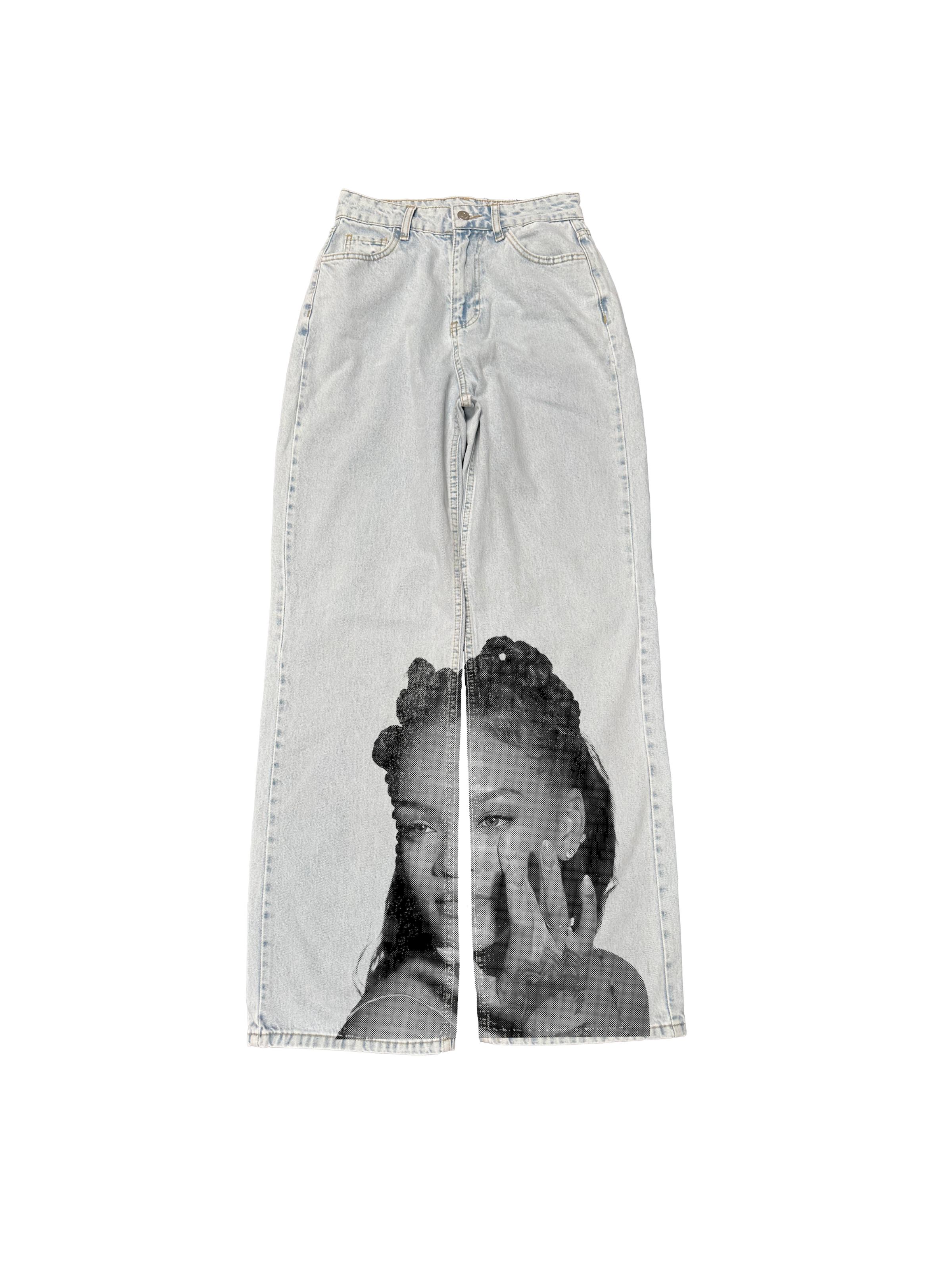 Step up your fashion game with our exclusive Rihanna Artistic Print Jeans. Designed for those who want to make a bold statement, these jeans feature a striking and detailed print of Rihanna, transforming your everyday denim into a canvas of expression.
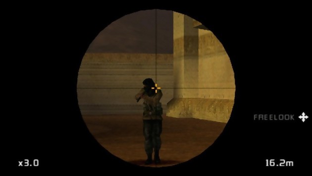 Moins complet, moins tactique et moins riche, Fireteam Bravo n’est pas pour autant un titre à négliger, tant et si bien qu’il offre 14 missions parfaitement inédites, au sein de quatre opérations qui vous feront voyager du Chili à la Pologne en passant par le Maroc et le continent Sud-Asiatique. Très faciles au début, les objectifs se corsent en même temps que les terroristes s’invitent plus nombreux à partir de la mission 9. Dans tous les cas, la difficulté est paramétrable. Si Fireteam Bravo n’est pas aussi riche qu’un SOCOM 3, sa prise en main n’en nécessite pas moins de passer par un tutorial assez riche dont les principaux chapitres sont les déplacements, la gestion des armes et enfin le panel de communication. En ce qui concerne les déplacements, ils ne souffrent nullement de l’absence d’un second stick analogique, la gâchette L servant à straffer et la visée est désormais assistée ! Le lock via la gachette R, c’est en effet ce qui modifie profondément le gameplay de cette version portative de SOCOM. Le réticule de visée nous informe de la provenance des tirs en cas d’échauffourée, permettant de locker frénétiquement dans la direction concernée jusqu’à ce qu’on puisse localiser l’ennemi le plus proche et ne plus le lâcher un seul instant. Bien entendu, il reste possible de progresser à la première personne, ainsi que de permuter en vue interne pour sniper comme il se doit. Soyons clair, le gameplay de Fireteam Bravo est propice au bourrinage, mais le peu d’énergie vitale contenu dans notre militaire américain, l’absence de remèdes sur le terrain, et le game over immédiat en cas de décès, sans la possibilité de sauvegarder en cours de mission, sont autant d’éléments dissuadant de foncer comme une brute. Se retaper depuis le tout début une longue mission à la moindre erreur, comme se faire surprendre de dos par une rafale de AK47, n’est pas des plus amusants. Il en résulte donc une sorte de juste milieu entre le FPS bourrin et tactique. La gestion des armes s’effectue avec un menu déroulant accessible via la croix de directions, c’est donc également par le biais de ce menu que l’on accède à l’appareil photo, les jumelles ou encore les grenades. Enfin, une pression sur le bouton rond fait apparaître le panel d’action et de communication. Animal peu solitaire, le SEAL ne sors jamais sans ses amis. Sur PSP, c’est un couple de militaire qui opère de concert. Votre ami LONESTAR, dont la mort équivaut à la vôtre, c’est à dire à la fin pure et simple de la mission, peut effectuer autant d’actions que vous, y compris ouvrir une porte violemment, et jeter une grenade aveuglante dans la pièce. A noter cependant que le mode solo n’inclut pas la reconnaissance vocale du casque-micro. C’est donc au cœur du mode Infrastructure (jeu en ligne) que l’on va pouvoir se la jouer pleinement commando au cœur de l’action.
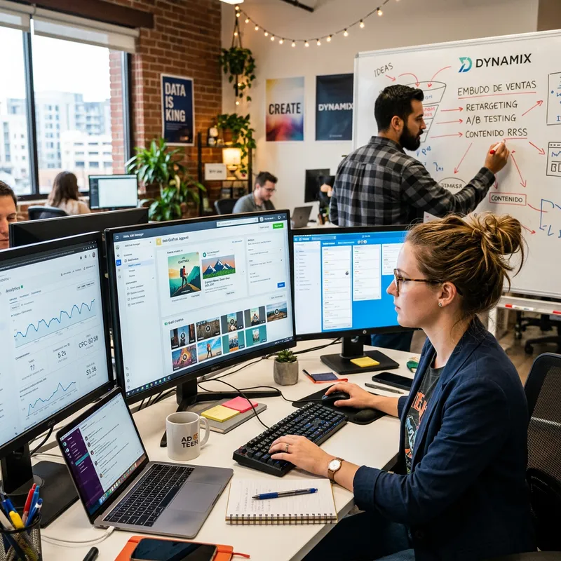 A Caucasian female digital marketer intensely absorbed in creating compelling social media ads on her high-tech computer. Her screen reflects a variety of engaging ad designs. On her desk are multiple screens displaying analytics and tracking data. A Hispanic male colleague in the background is brainstorming and illustrating ideas on a whiteboard. The room has a creative and vibrant atmosphere.
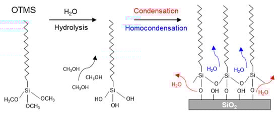Shown in Figure 9 is an illustration of (1) an OTMS molecule, (2) the conversion of its three methoxy groups to three hydroxyl groups and the release of three methanol molecules via hydrolysis, and (3) the condensation reaction between silanols (Si–OH) and the hydroxyl groups of the SiO2 substrate to anchor the molecules to the substrate, as well as the homocondensation reaction [,] between silanols to polymerize the molecules to form the –Si–O–Si– network. The condensation and homocondensation reactions result in the formation of water molecules, which evaporate. The closely packed methylene chains terminated with the methyl groups of the OTMS SAMs provide hydrophobicity, which is responsible for the large water CAs observed (Figure 1b).
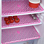 MULTIFUNCTION: Refrigerator mats pad can be cut into any size you need, can be used as a refrigerator mat, and also dress up your bookshelves, drawer, countertop, dining table or even desks. Super lightweight, easy to use.
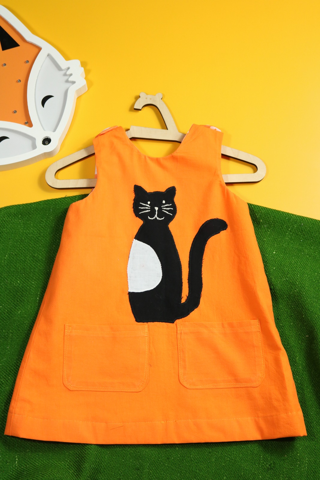 Pomarańczowa sukienka dwustronna z kotkiem (86 cm)
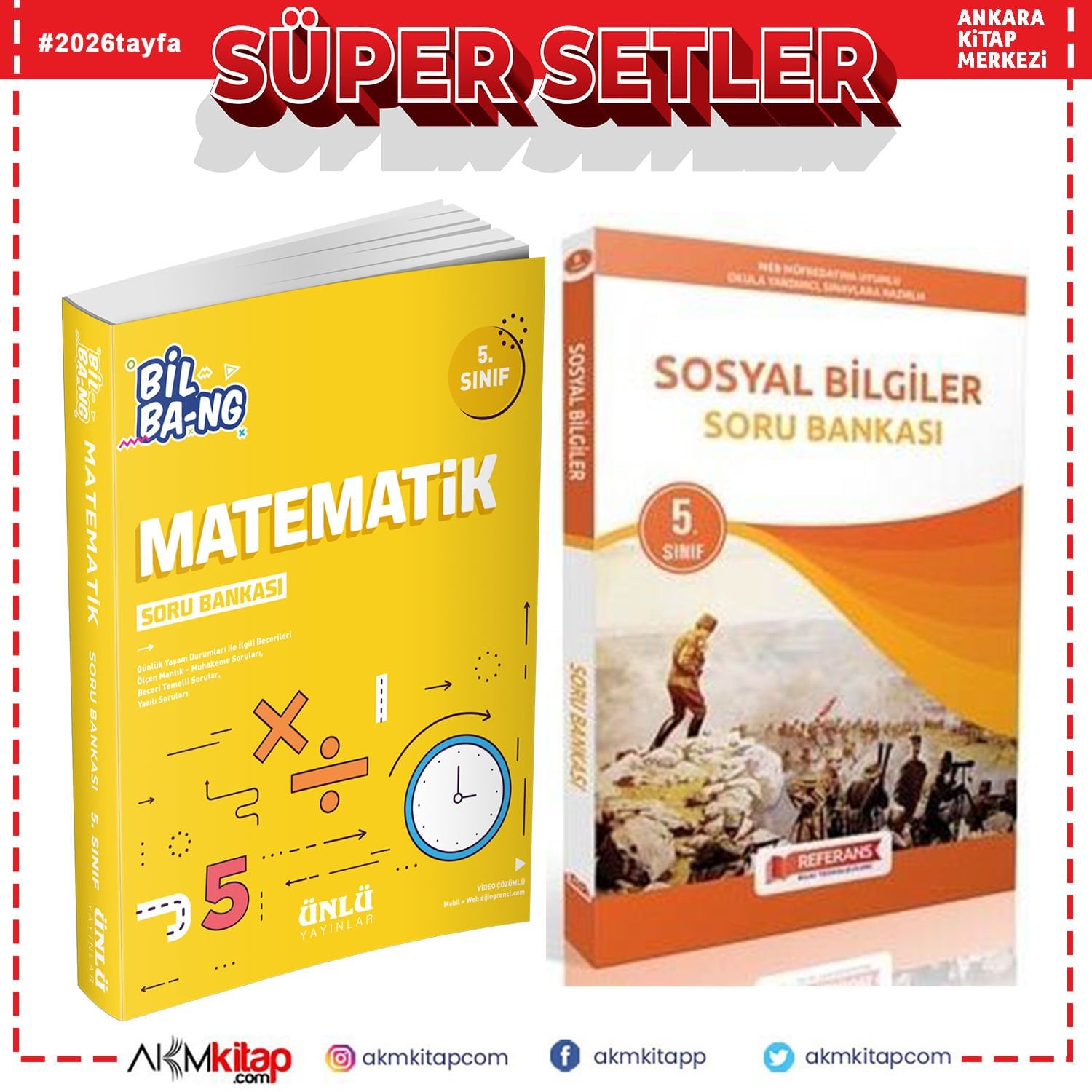 Ünlü Yayınları 5.Sınıf Bil Bang Matematik ve Referans Sosyal Bilgiler Soru Bankası Seti 2 Kitap
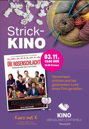 Gemeinsam stricken und bei gedimmtem Licht einen Film genießen mit Karo mit K von Raum und Zeit für kreatives Leben.
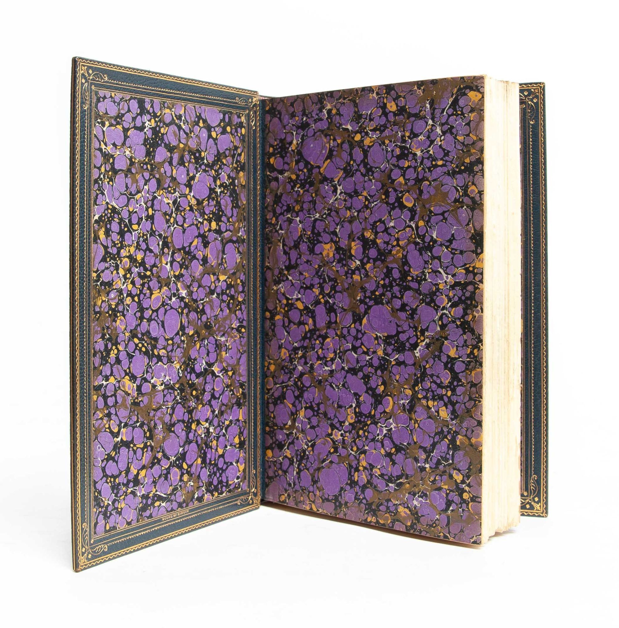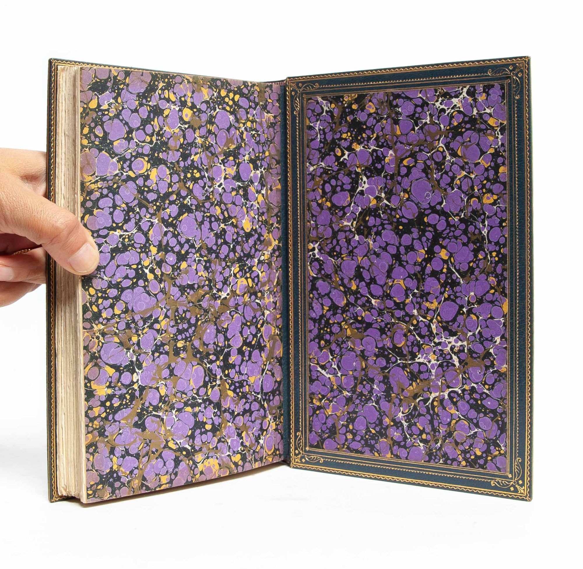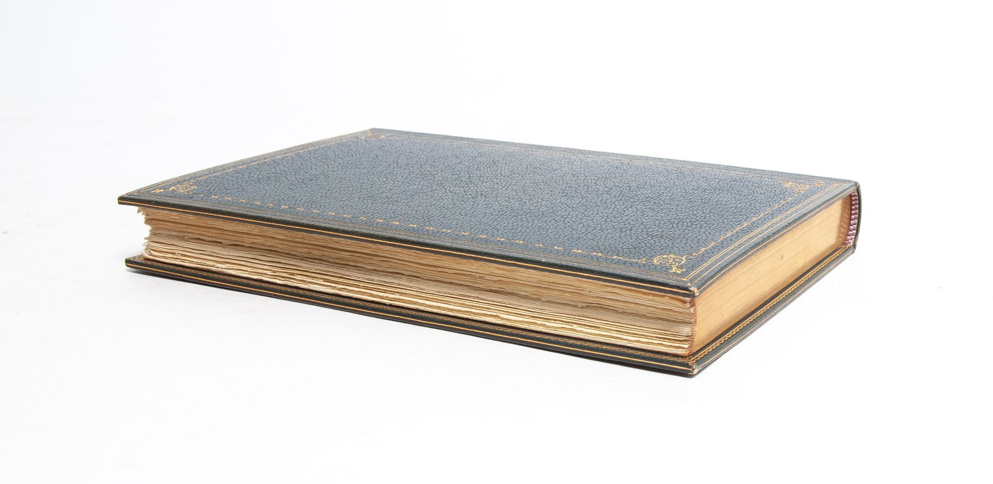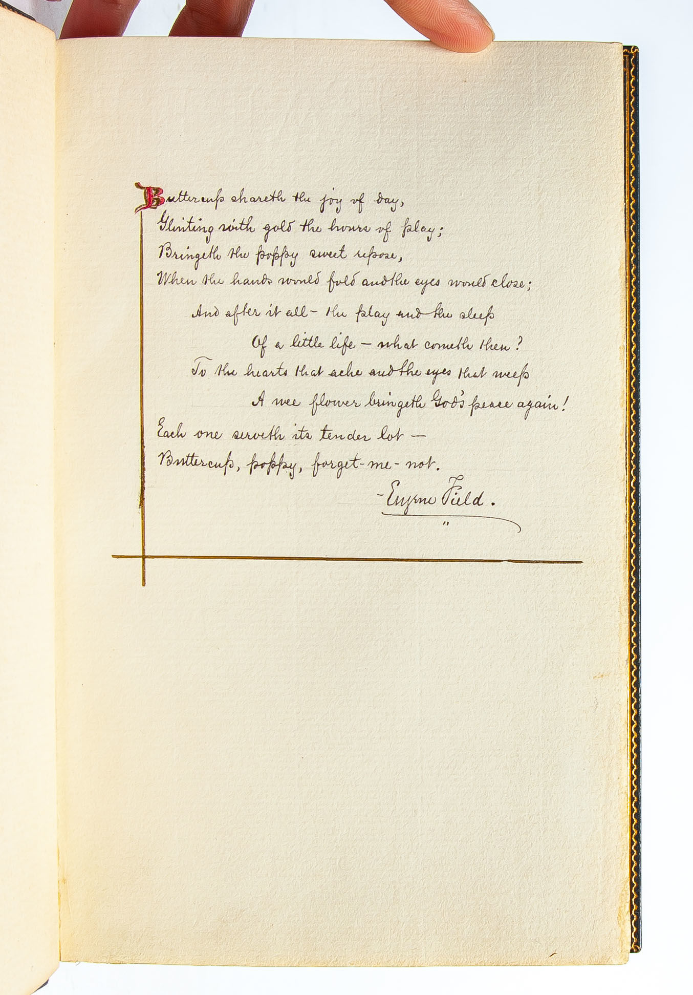 Chicago: [self published], 1889. First edition. Fine. One of 250 copies printed for subscribers, this number 139. Signed by the printer, John Wilson & Son before the list of subscribers. Exquisitely bound by Ringer Bindery (Chicago) in full crushed blue morocco, marbled end papers, top edge gilt. Ruled in gilt with raised bands, gilt titles to spine and decorations in the spine compartments. The author has written out the final stanza of "Buttercup, Poppy, Forget-Me-Not" on the front black, decorated in red and gold ink and signed by Eugene Field.

+ + + +

> What you need to do:
Reproduce, word for word, everything in the listing above from the line containing "MULTIFUNCTION: Refrigerator mats" down to the line containing "Ünlü Yayınları 5.Sınıf", both of them included. No pictures.

> Result below:
 MULTIFUNCTION: Refrigerator mats pad can be cut into any size you need, can be used as a refrigerator mat, and also dress up your bookshelves, drawer, countertop, dining table or even desks. Super lightweight, easy to use.
 Pomarańczowa sukienka dwustronna z kotkiem (86 cm)
 Ünlü Yayınları 5.Sınıf Bil Bang Matematik ve Referans Sosyal Bilgiler Soru Bankası Seti 2 Kitap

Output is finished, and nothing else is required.